FOUR EPISTLES: MIRACLE AT THE FEAST OF PENTECOST: 1, by                 Poet's Biography
First Line: Our folks gone a visiting, reverend sir
Last Line: Was all by one language,—as clear as the sun.
Subject(s): Holy Ghost; Language; Miracles; Religion; Spiritual Life; Holy Spirit; Words; Vocabulary; Theology

OUR folks gone a visiting, Reverend Sir,
Having left me at home here, less able to stir,
I am thinking on matters that lovingly pass'd
Where the squire of the house and I visited last,
At the Vicar's of Bowden, old friend of us two,
And a lover of learning, fair, honest, and true,
Especially such as shall make to appear
Any passage of Scripture more easy and clear.

The Scripture was writ and is oft understood
By persons unlearned, yet pious and good,
Who have much better helps than mere learning can yield;
Which may yet be of use in its own proper field,
If it be but to mend its own faults in a brother,
And correct in one man the mistakes of another,
Or to combat our scruples and fix a true thought
When the head shall confirm what the heart has been taught.

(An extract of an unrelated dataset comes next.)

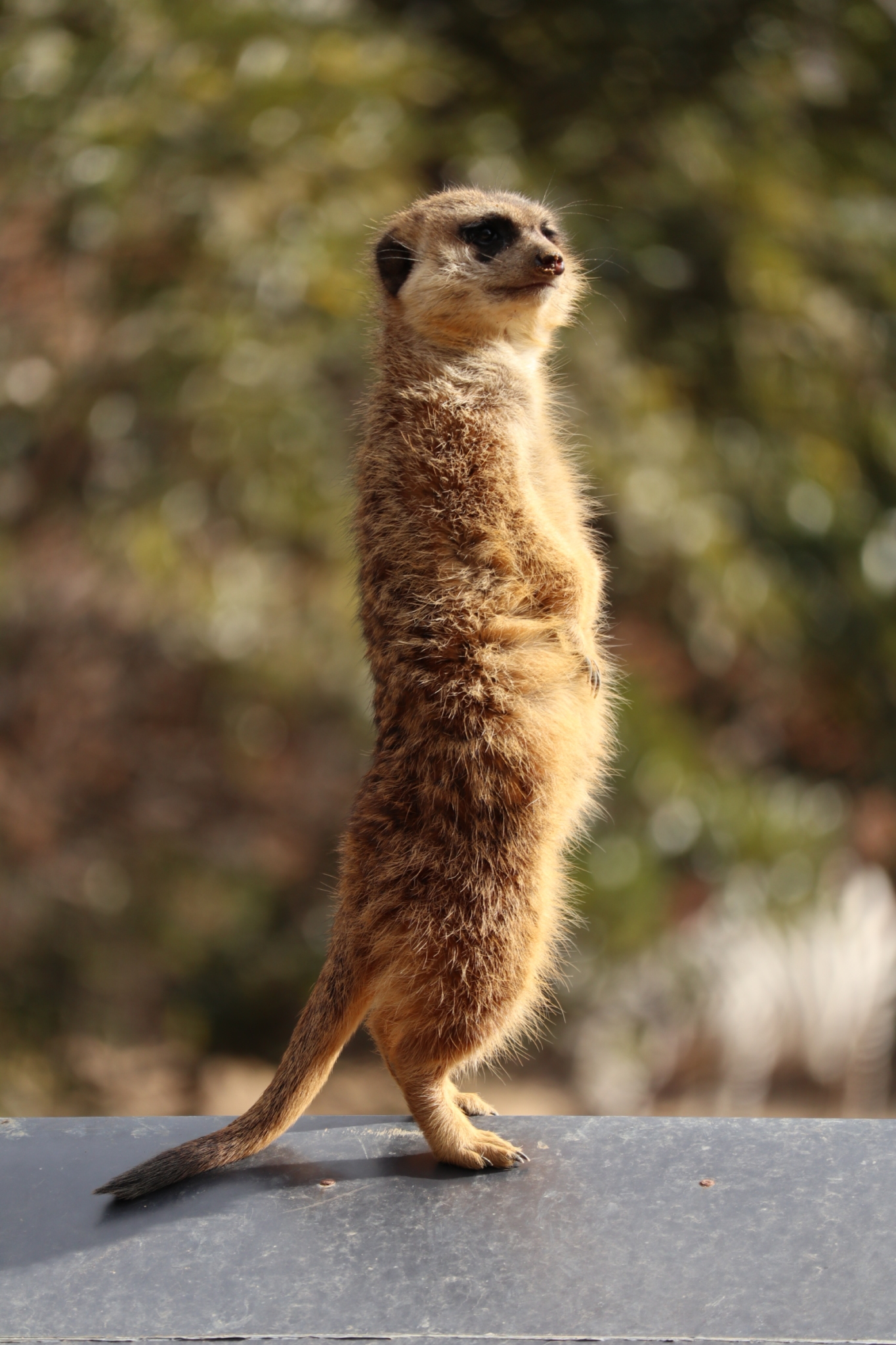 他のミーアキャットが餌を食べている間、屋根の上でしっかり見張り当番していました!

One thing, I remember, that fell in our way
Was "the speaking in tongues on the Pentecost day;"
Which our friend the Divine had conceiv'd in a light,
That, however so thought, does not seem to be right.
All the comments, 'tis true, with which one has met
Concur with his notions about it;—but yet
The mistake is so plain that I wish by some means
To obtain his review of those wonderful scenes.

It is not my thought; for I first was appriz'd
Of the thing by a JACOB, too greatly despis'd;
Dipping into whose writings, which little I knew,
Some expression like this was presented to view,—
All languages spoken by PETER in one—
A truth, which the moment I enter'd upon,
All the force of simplicity, fitness, and fact
Extorted assent that I could not retract.

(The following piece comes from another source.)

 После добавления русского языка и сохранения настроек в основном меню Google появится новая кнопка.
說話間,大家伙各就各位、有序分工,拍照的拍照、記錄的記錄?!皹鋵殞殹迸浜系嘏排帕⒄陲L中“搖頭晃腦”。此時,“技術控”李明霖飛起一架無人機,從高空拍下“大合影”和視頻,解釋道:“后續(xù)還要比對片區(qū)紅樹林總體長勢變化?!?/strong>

If the honest old Vicar, our visited friend,
To St. Luke's own account will be pleas'd to attend,
I cannot but think that the current conceit
Will yield to solution so clear and complete
Of a number of difficult points, that arise
Upon viewing the text with unprejudic'd eyes;
If SPEAKERS were more than Apostles, and SPOKEN
But to one in fifteen was a sensible token.

For the names to that number, if rightly I count
By a Baguly Bible, of nations amount,
Who all understood what a Peter or John,
Or whoever he will, was discoursing upon,
And to all at one time; for, how plain to be seen
That persons nor place could admit of fifteen,
When Parthians, and Medes, Elamites, and the rest,
Must be too intermix'd to be singly address'd!

"Are not these,"—said the men, the devout of each land,—
"Galileans that speak, whom we all understand?"
As much as to say,—"by what wonderful pow'rs
"Does the tongue Galilean to us become ours?"
While the good were so justly astonish'd, the bad
Whose hearts were unopen'd cry'd out, "they are mad!"
Unaccountable charge! if we do not recall
That in one single tongue the Apostles spake all.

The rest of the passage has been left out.